Task to carry out
In the data, extract each line that holds the string "Εικόνα".
━━━ Data section
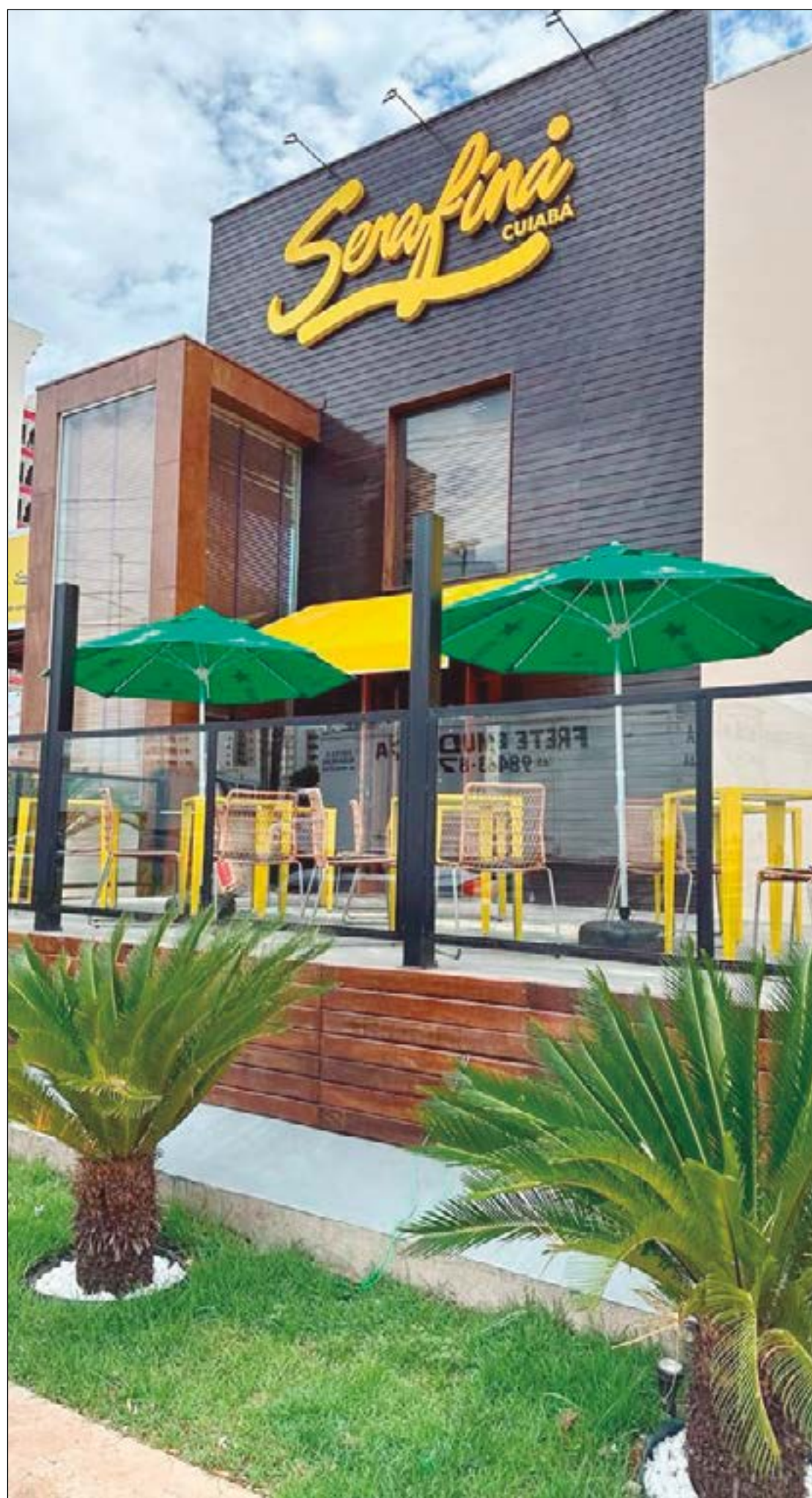
A nova fachada do Restaurante Serafina Cuiabá, que reinaugura logo mais hoje
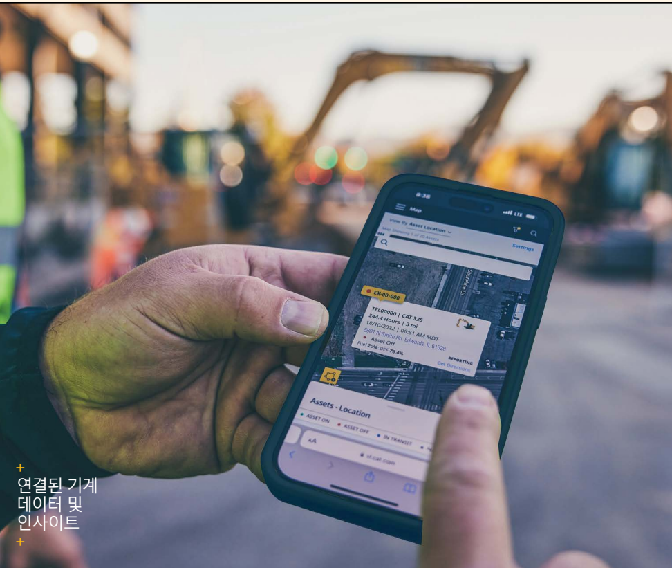
+ 연결된 기계 데이터 및 인사이트

그 결과, 조정 작업이 줄어들고, 가동 중단이 감소하며, 유지 관리가 매번 제대로 이루어진다는 확신을 얻을 수 있습니다.
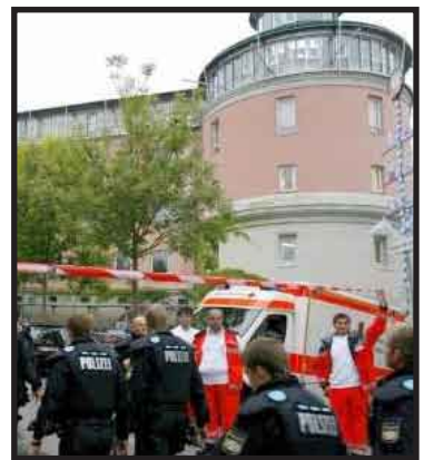
Diez alumnos de un centro escolar en la localidad de Ansbach, en el sur de Alemania, resultaron este jueves heridos, tres de ellos de gravedad, después de que un compañero de 18 años lanzara dos bombas incendiarias.

El agresor rompió sobre las 08.45 horas locales (06.45 GMT) con una hacha la puerta principal del edificio para seguidamente introducirse en el mismo y culminar su ataque con las bombas incendiarias.
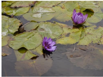
デレクター-G.T.ムーア (スイレン科)
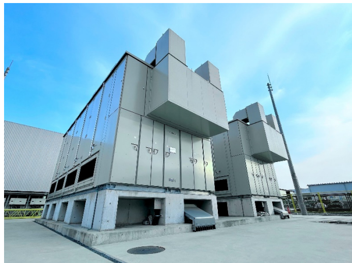
NAS 電池蓄電システム
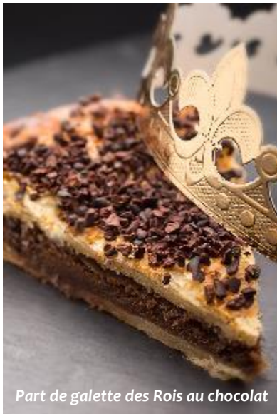
Part de galette des Rois au chocolat
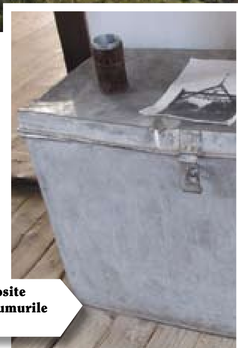
Unul din cuferele de aluminiu folosite de exploratorul Samu Teleki în drumurile sale prin Africa

Ceva îi lega ireversibil de aceste locuri, de aceste dealuri.
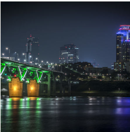
Lichter am Han River, Südkorea

Die 25-tägige Reise gibt Ihnen Zeit viele verschiedene Facetten Japans & Südkoreas ausgiebig kennenzulernen. Nicht nur die klassischen Ziele, wie Tokio, Kyoto und Seoul werden Sie beeindruckten. Erst die kleinen Orte mit ihrer traditionellen Architektur, ihrem ureigenem Charme und ihren lokalen Köstlichkeiten machen die Reise zu einer authentischen Erfahrung. Die Übernachtungen in drei verschiedenen traditionellen Unterkünften werden ein Erlebnis sein, werden doch so oder so ähnlich seit Jahrhunderten Gäste untergebracht. Lassen Sie sich überraschen. Gern können wir die Reise an Ihre Wünsche anpassen.
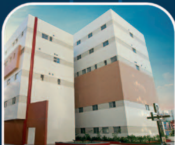
NOVO HGE 2
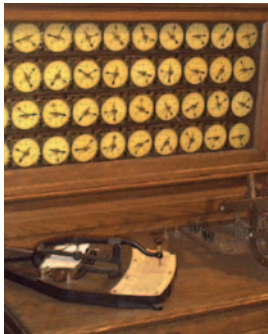
Εικόνα 1.2. Η μηχανή του Χόλλεριθ

Πληροφορίες που έχουν προκύψει ως αποτέλεσμα μιας επεξεργασίας, μπορούν να χρησιμοποιηθούν οι ίδιες ή σε συνδυασμό με άλλα δεδομένα για την παραγωγή νέων πληροφοριών. Η διαδικασία αυτή, δηλαδή πληροφορίες να αποτελούν στη συνέχεια δεδομένα σε μία νέα επεξεργασία, χαρακτηρίζεται ως Κύκλος Επεξεργασίας των Δεδομένων (Εικόνα 1.1). Στο παράδειγμα της σχολικής εκδρομής μπορούμε να χρησιμοποιήσουμε την πληροφορία για το τελικό κόστος ανά μαθητή σε συνδυασμό με τα χρήματα του κουμπαρά μας (δεδομένο), ώστε να μάθουμε αν διαθέτουμε αρκετά χρήματα, για να πάμε τελικά στην εκδρομή.
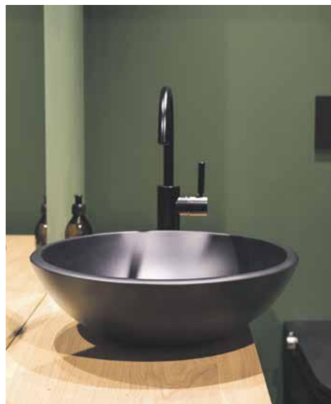
In dem Bäder & Wellness Store in Dorfen werden verschiedene aktuelle Badtrends präsentiert

Insbesondere in Zeiten geringer Neubauaktivitäten wird die Modernisierung vorhandener Bäder essenziell. Fliesen, Duscharmaturen und Waschbecken unterliegen Stil-Veränderungen und sollen neben einer zeitgemäßen Optik eine hohe Funktionalität gewähr-
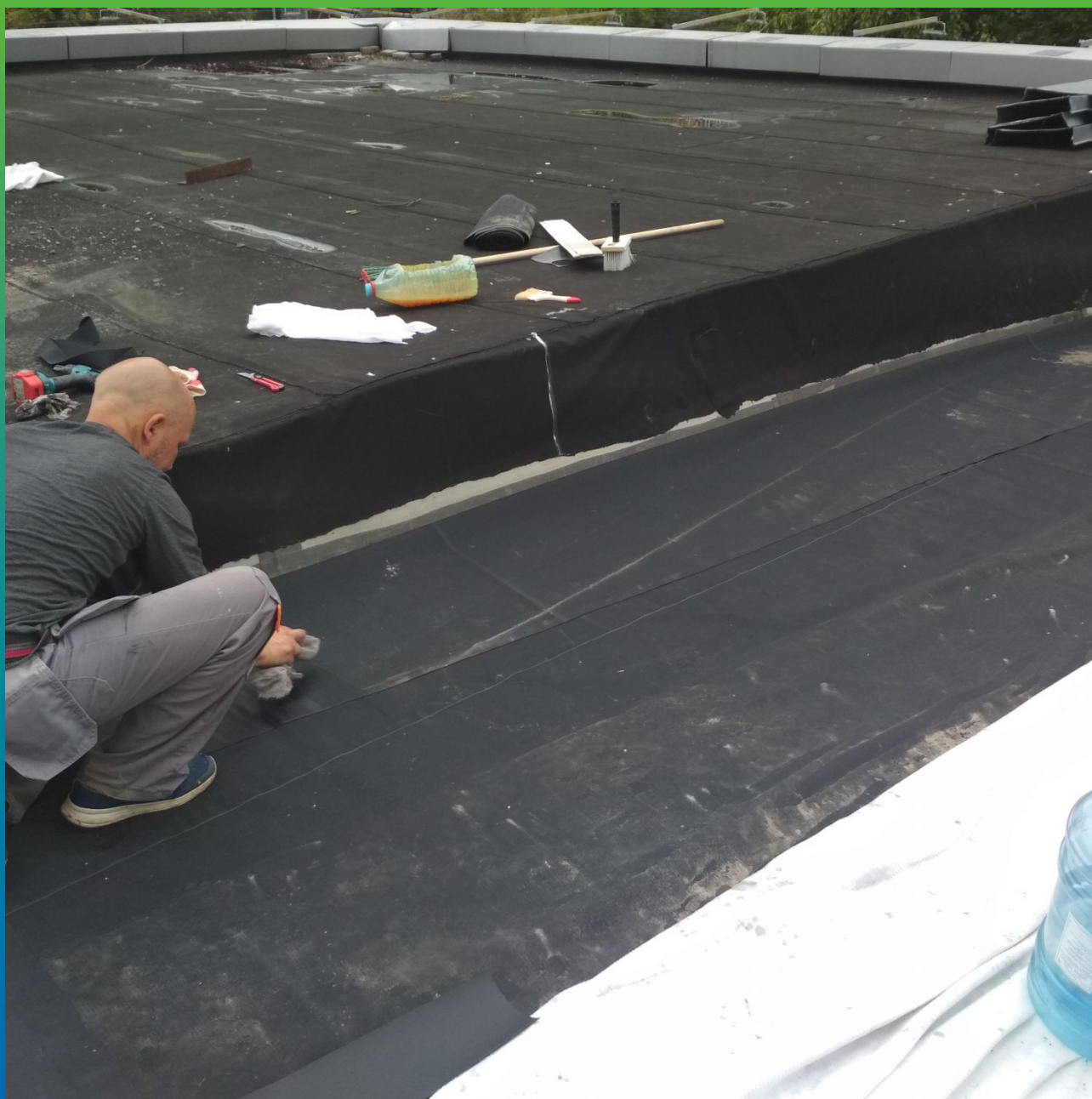
Удаление пыли и грязи с поверхности мембраны перед началом приклеивания
━━━━━━
Your response
Εικόνα 1.2. Η μηχανή του Χόλλεριθ
Πληροφορίες που έχουν προκύψει ως αποτέλεσμα μιας επεξεργασίας, μπορούν να χρησιμοποιηθούν οι ίδιες ή σε συνδυασμό με άλλα δεδομένα για την παραγωγή νέων πληροφοριών. Η διαδικασία αυτή, δηλαδή πληροφορίες να αποτελούν στη συνέχεια δεδομένα σε μία νέα επεξεργασία, χαρακτηρίζεται ως Κύκλος Επεξεργασίας των Δεδομένων (Εικόνα 1.1). Στο παράδειγμα της σχολικής εκδρομής μπορούμε να χρησιμοποιήσουμε την πληροφορία για το τελικό κόστος ανά μαθητή σε συνδυασμό με τα χρήματα του κουμπαρά μας (δεδομένο), ώστε να μάθουμε αν διαθέτουμε αρκετά χρήματα, για να πάμε τελικά στην εκδρομή.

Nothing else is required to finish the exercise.